In this article I highlighted that the Railway Place location, that had previously been used for the Next Bike hire, was to be converted to on-street EV charging which, in my opinion, was completely wrong use of a space so close to the train station. I followed up the article for further clarification and got this response:
Dear Adam
Your email to Cllr Guy, Cllr Warren and Cllr McCabe dated 6/6/22 has been passed to me for reply.
Unfortunately, the press release relating to the introduction of new EV charging points (issued on 6/6/22) omitted to mention that both rapid charging bays at Railway Place will be for taxis only and not private vehicles.
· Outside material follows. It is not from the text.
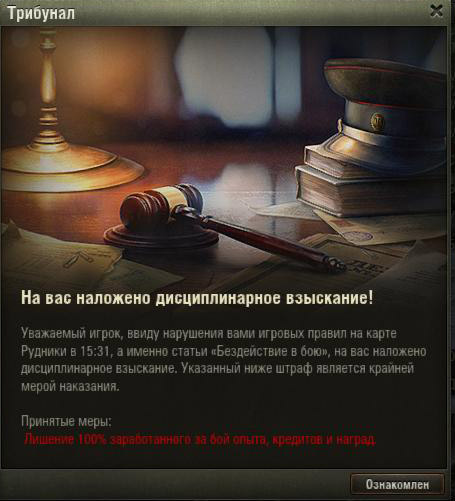 1. http://cdn-frm-eu.wargaming.net/wot/ru/uploads/monthly_01_2015/post-3228395-0-75304600-1421150980_thumb.jpg На меня было наложено дисциплинарное взыскание, за бездействие в бою. Но это зависит не от меня, как быть? Я, запускаю игру и начинается, то связь с сервером потеряна, то fps 1 ping 999. И кто же в этом случае должен быть наказан, по моему это не справедливо.

Two further rapid charging bays in Charlotte Street car park will be allocated to private hire vehicles. The Revive network allows the use of these chargers to be restricted to registered taxi/private hire drivers only, and traffic regulation orders (TROs) will enable the restricted use of these parking bays to be enforced. The existing TROs and signs will be updated to reflect these parking restrictions.
I trust that you will find this information useful.
Regards
Nick
Nick Helps
Active Travel Manager
Bath & North East Somerset Council
Great to see the two charging points this will provide are going to be exclusive for Taxi use which makes a lot of sense!
eHUBS on every street corner?

What is still missing from the mix of solutions are eHUBS. This is something that West of England CA need to deliver on. If you look at Transport For Greater Manchester’s eHUBS you can see the direction we need WECA to take and that requires regional partnerships with eCar/eBike share clubs. Without those regional partnerships in place there will be enormous pressure on BaNES to deliver on-street residential EV charging without provision of shared mobility services (eCar/eVan/eScooter/eBike/eCargobikes).

Guess that’s another letter to Dan Norris in the making but this needs urgently sorting one way or another.

When you replied to my comment a couple of weeks ago, I nearly said that I bet it’s for taxis but I didn’t know if that was the case. I’m glad you got it clarified though.
A lot of EV locations are also down to practical things like whether you can get a fast enough current there. In Bath, there are all all the listed buildings (and so on) to think of too.
There are also lots of ways that you can manage EV sites that don’t necessarily = more traffic at least in the same way as usual traffic.. A lot of fast chargers (50kw and above) are designed for short term charging and will have stricter timing for parking. It’ll make sense to have lots of slower chargers for day visitors at park and ride site.